Oleh/By : DATO' SERI DR. MAHATHIR BIN MOHAMAD
Tempat/Venue : NEW YORK, U.S.A
Tarikh/Date : 27/09/96
Tajuk/Title : THE PLENARY OF THE FIFTY-FIRST
SESSION OF THE UNITED NATIONS
GENERAL ASSEMBLY
1. I am happy to acknowledge a Malaysian as the
President of the General Assembly, a first for
Malaysia. We are thankful to all member states for
their support, especially the members of the Asian
Group, which endorsed Malaysia's candidature early.
2. I would like to think that the selection has to
do with Malaysia's efforts and involvement with the
UN and globally. Within three years of Malaysia's
independence, we were involved in UN peace-keeping
operations in the Congo. Today in Bosnia-
Herzegovina, Malaysia is perhaps the only developing
country participating in the NATO-led peace-keeping
forces, paying in full the cost of our involvement.
Malaysia will continue to participate in
international activities, UN sponsored or otherwise,
combining altruism with enlightened self-interest.
3. This time last year, there was much celebration
as the UN attained its 50th year. Amidst the
celebrations extolling the achievements of the UN,
there were serious concerns expressed about the
relevance and effectiveness of this organisation,
and the need for democratic reforms so that the UN
can better fulfil the purposes and principles of the
Charter.
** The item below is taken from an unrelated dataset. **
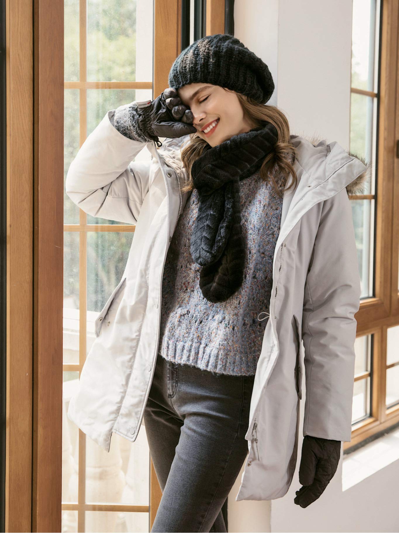 - FASHIONABLE DESIGN: Great slim fit shape. Exclusive faux fur and adjustable wrist strap; clip cord with lock.
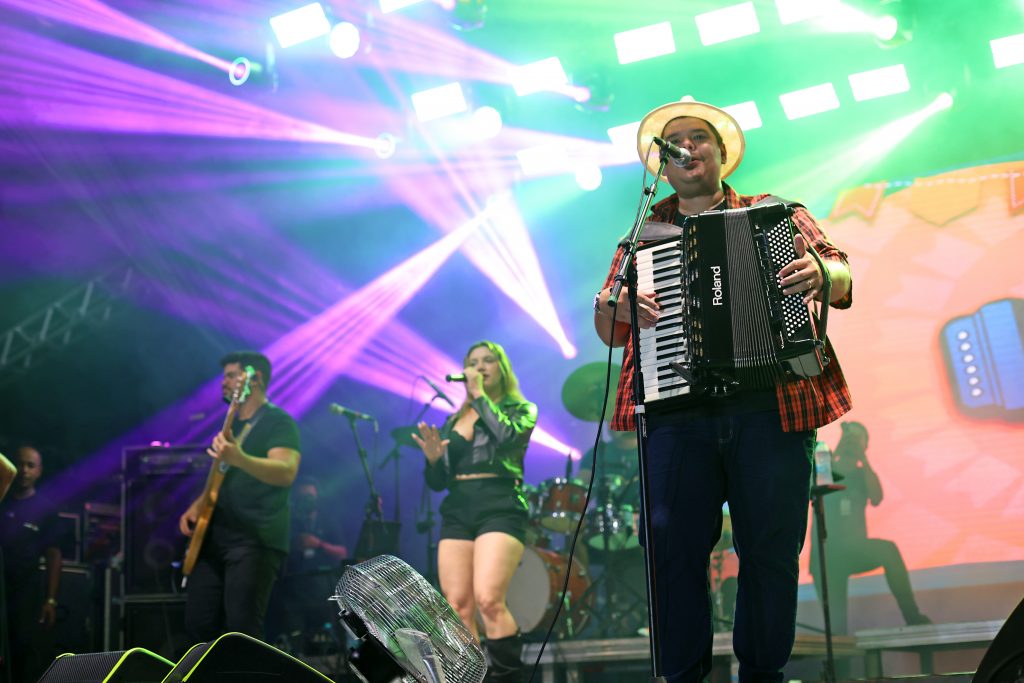 O artista Osmídio Neto subiu ao palco logo em seguida e fez o público dançar com seu repertório composto por forró pé de serra, arrasta pé, quadrilha, vaquejada e forró das antigas. “É muita alegria estar aqui numa data tão especial como hoje. Para o sanfoneiro, dia 23 é uma data muito especial. Então, estar em casa é uma satisfação. Muito obrigado à Prefeitura pelo convite”, agradeceu.

The 50th anniversary came and went and
despite the extravaganza, very little has been
achieved.
4. The organisation itself remains distant and
removed from the aspirations of the `peoples of the
UN' which it is supposed to promote and protect.
Hopefully, the tragedy of Bosnia-Herzegovina will,
with international help, be on the mend but
Palestine's hopes and aspirations have been
undermined by the new Israel government, backed
unfortunately by some Western powers, backtracking
on painfully negotiated agreements. At this moment,
a rash decision by Israel not only imperils further
the peace process, with lives being lost but can
inflame and outrage Muslim states and Muslim Society
if the sanctity of the Al-Aqsa Mosque is defiled.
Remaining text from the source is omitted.